Return the lines that run from the beginning of the entries to the line holding "在展廳外,師生佩戴黨徽、展開", inclusive, and drop the pictures.

★ ★ ★

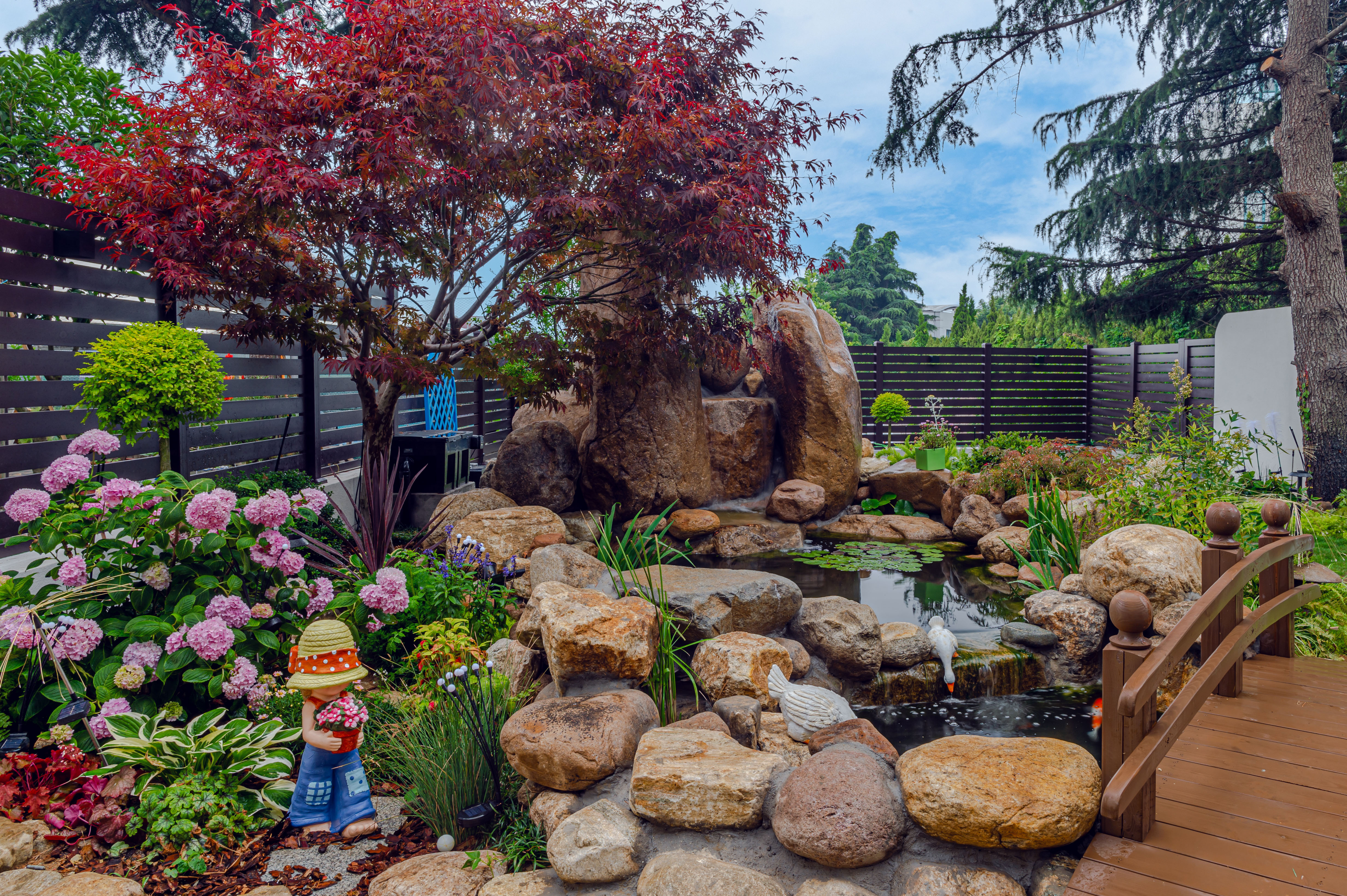 因男業(yè)主是理工科專業(yè),不喜歡過于人工化的產(chǎn)品,不喜歡直線,喜歡自然曲線且柔和的布局,所以我們將花園分為三部分: 休閑平臺、錦鯉魚池及后花園。出戶設計成大區(qū)域的木塑平臺,在午后慵懶的陽光下,享受自然的清新,感受小院的溫馨。
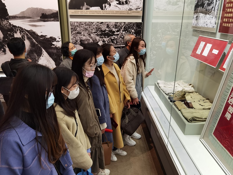 在展廳外,師生佩戴黨徽、展開黨旗,懷著莊重敬仰的心情合影留念。在講解員帶領下,大家依次觀看了“正義擔當,決策出兵”“運動殲敵,穩定戰線” “以打促談,越戰越強”“實現停戰,順利歸國”“抗美援朝戰爭勝利的偉大意義和歷史貢獻”5個部分的展覽,觀看了“中國人民志愿軍思想政治工作”“后勤保障工作”“偉大的抗美援朝運動”“最可愛的人”“不忘初心,牢記使命,永遠奮斗”5個專題展覽,還觀看了博物館其他革命歷史和文物展覽。
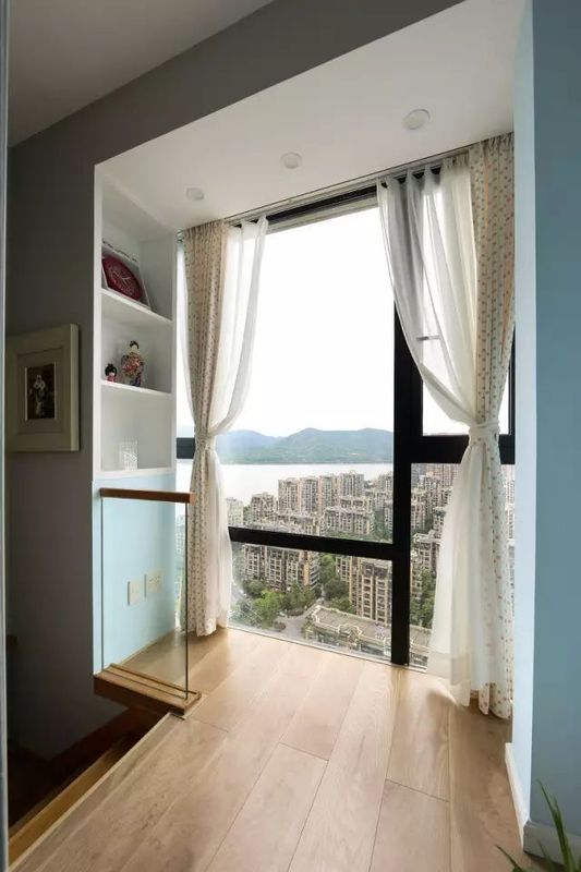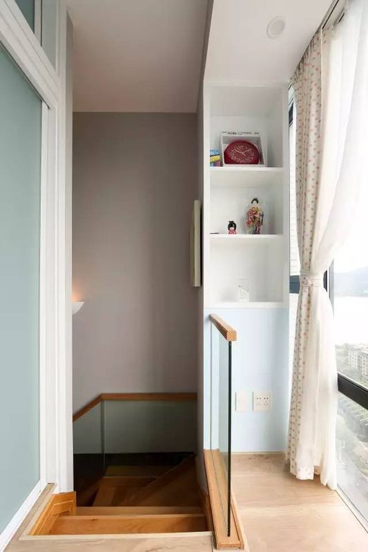 ▲上到二楼楼梯口,左手边即是一面大的落地窗,窗外风景尽收眼底。在楼梯口做了个小小的展示柜,平时可以放上一些装饰品、玩具手办、或者旅游带回来的展览纪念品。
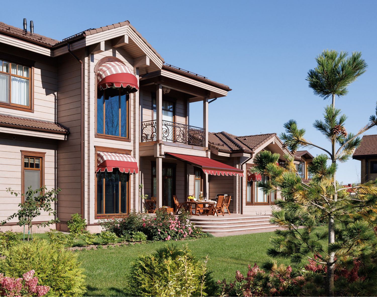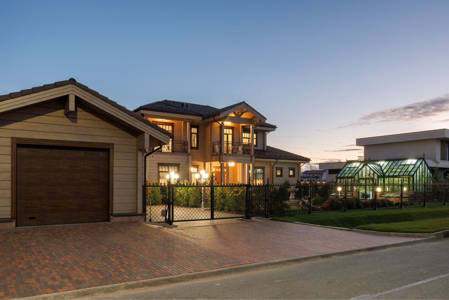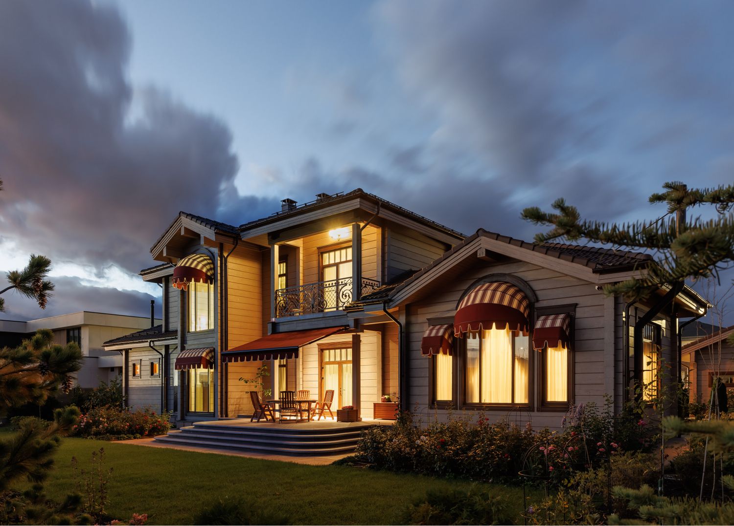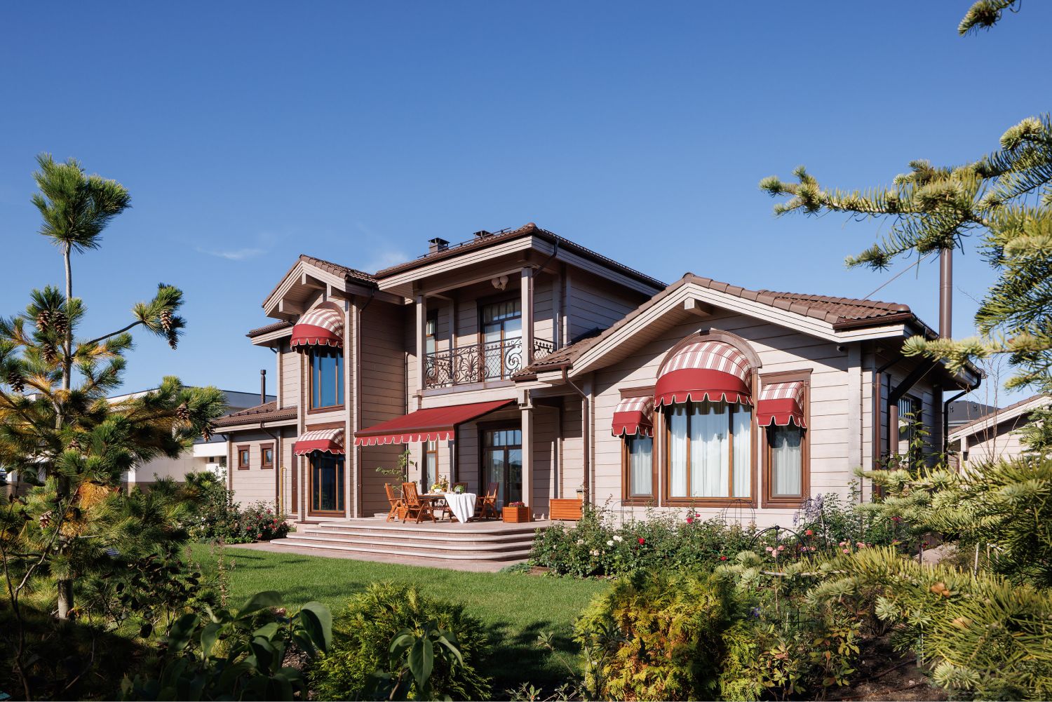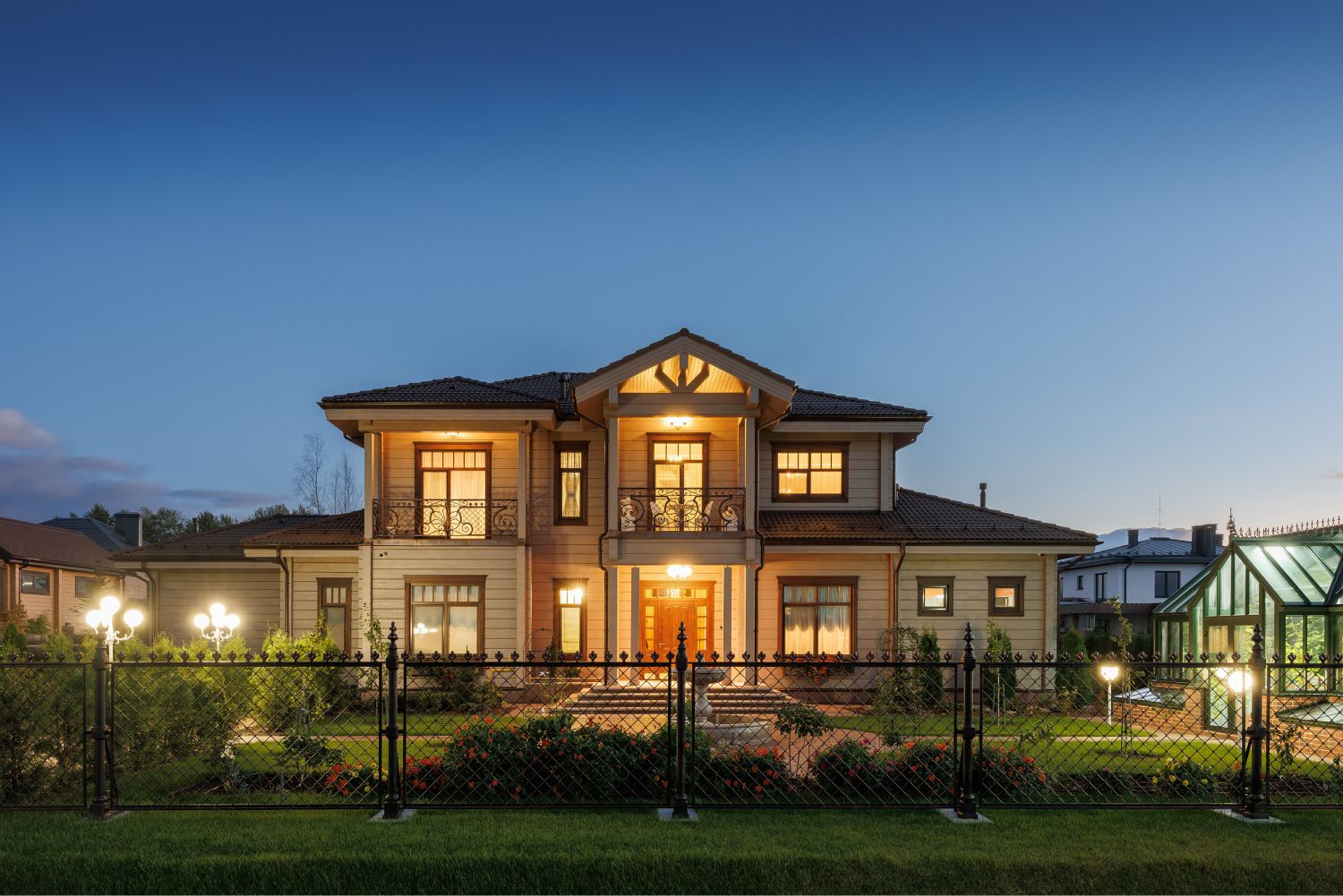 В оформление фасадов дома и ограждения участкабыли деликатно добавлены элементы кованого декора, выполненные вручную по оригинальным историческим моделям. Уделялось внимание каждой мелочи, поэтому даже выбор ткани для маркиз сталоммажемтрадиционному летнему оформлению Петергофских великокняжескихрезиденций. Размещенная рядом с домом аутентичная английская теплица, стала естественным продолжением этой темы.
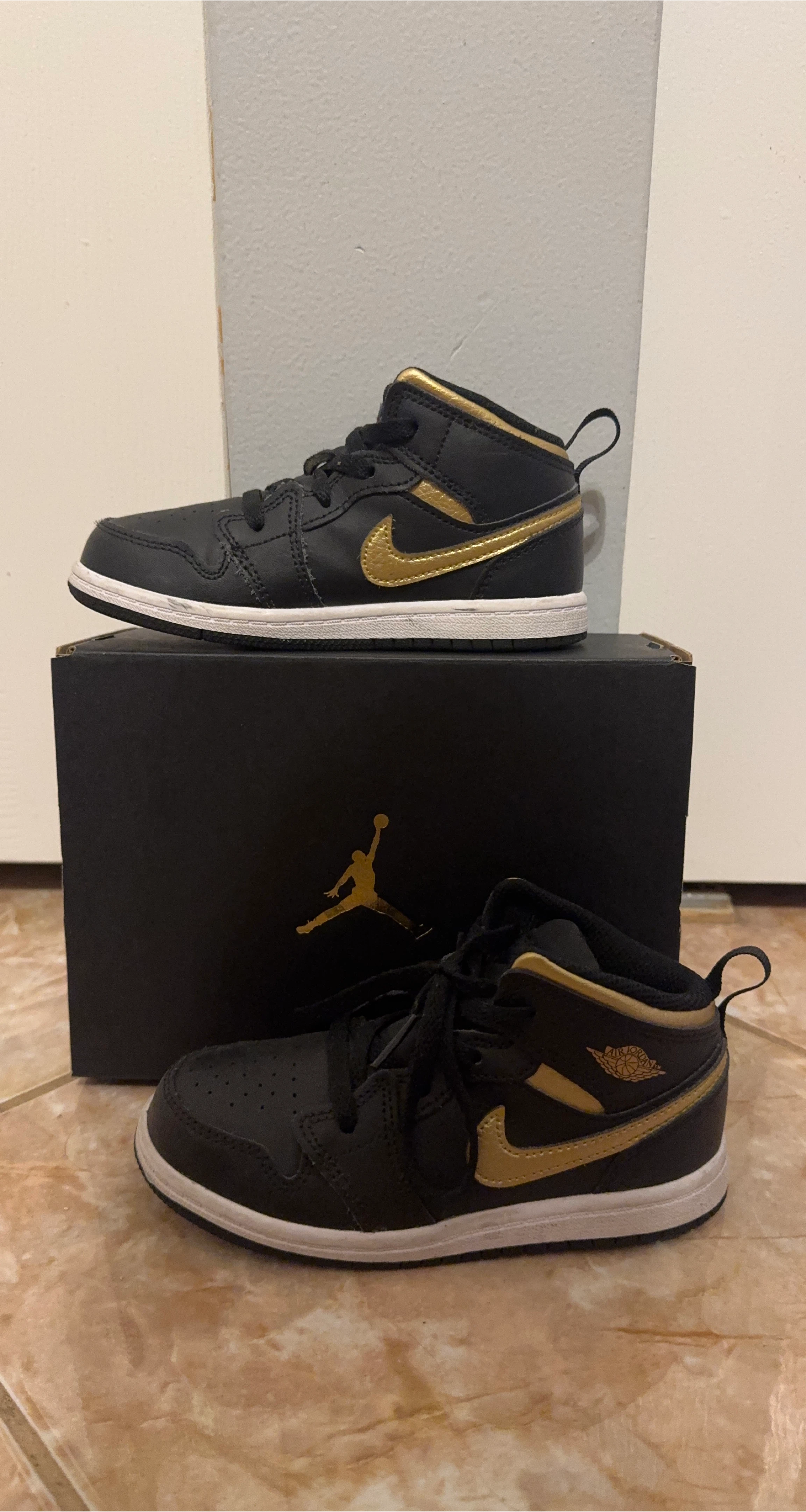 Selling a pair of toddler-sized Jordan 1 Mid shoes in black and gold. They come with the original box! Perfect for your little one.
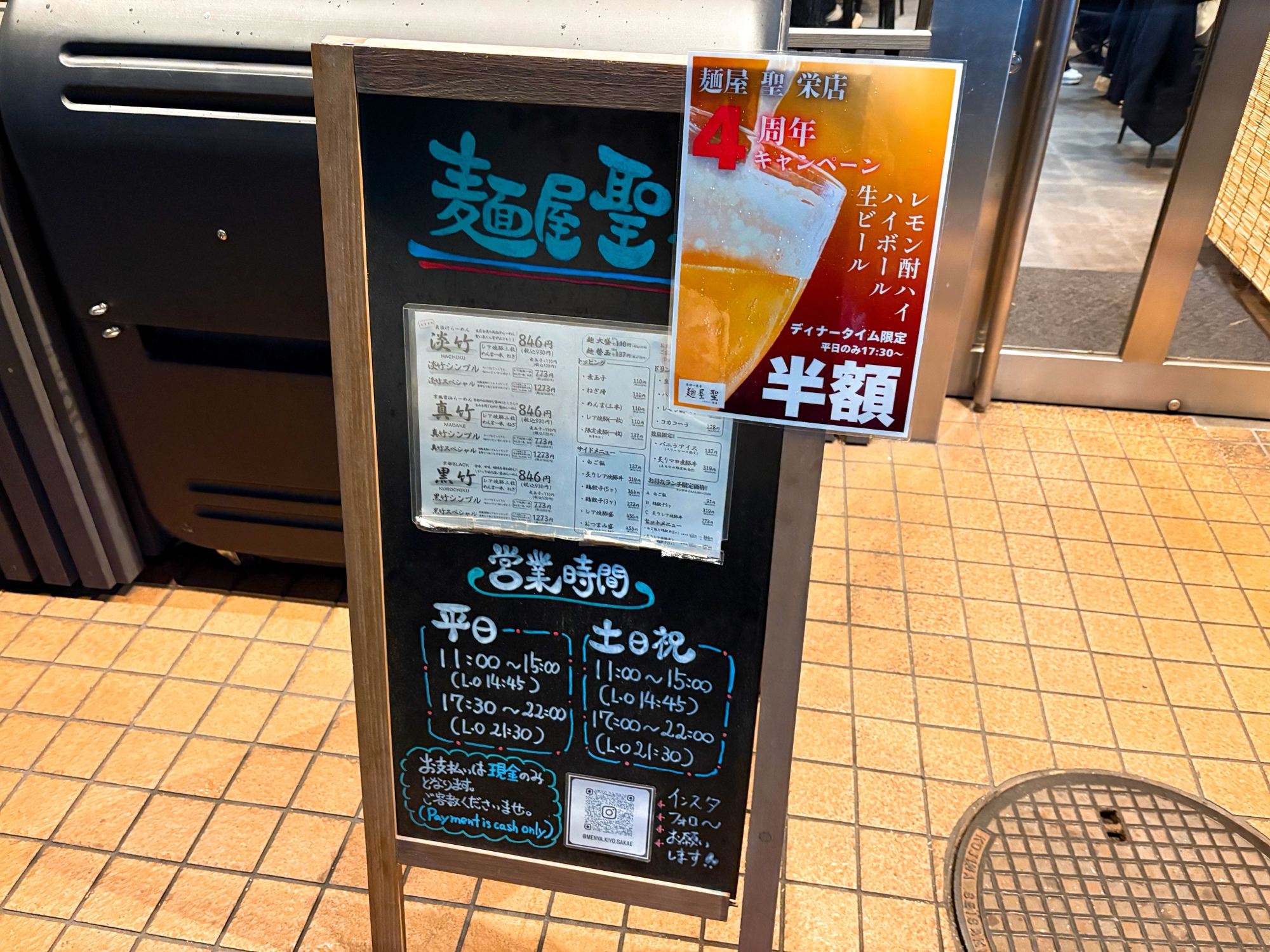 お店の前にはメニュー表や営業時間、注意事項などが記載されている看板が…!

★ ★ ★

Solution to this task:
 因男業(yè)主是理工科專業(yè),不喜歡過于人工化的產(chǎn)品,不喜歡直線,喜歡自然曲線且柔和的布局,所以我們將花園分為三部分: 休閑平臺、錦鯉魚池及后花園。出戶設計成大區(qū)域的木塑平臺,在午后慵懶的陽光下,享受自然的清新,感受小院的溫馨。
 在展廳外,師生佩戴黨徽、展開黨旗,懷著莊重敬仰的心情合影留念。在講解員帶領下,大家依次觀看了“正義擔當,決策出兵”“運動殲敵,穩定戰線” “以打促談,越戰越強”“實現停戰,順利歸國”“抗美援朝戰爭勝利的偉大意義和歷史貢獻”5個部分的展覽,觀看了“中國人民志愿軍思想政治工作”“后勤保障工作”“偉大的抗美援朝運動”“最可愛的人”“不忘初心,牢記使命,永遠奮斗”5個專題展覽,還觀看了博物館其他革命歷史和文物展覽。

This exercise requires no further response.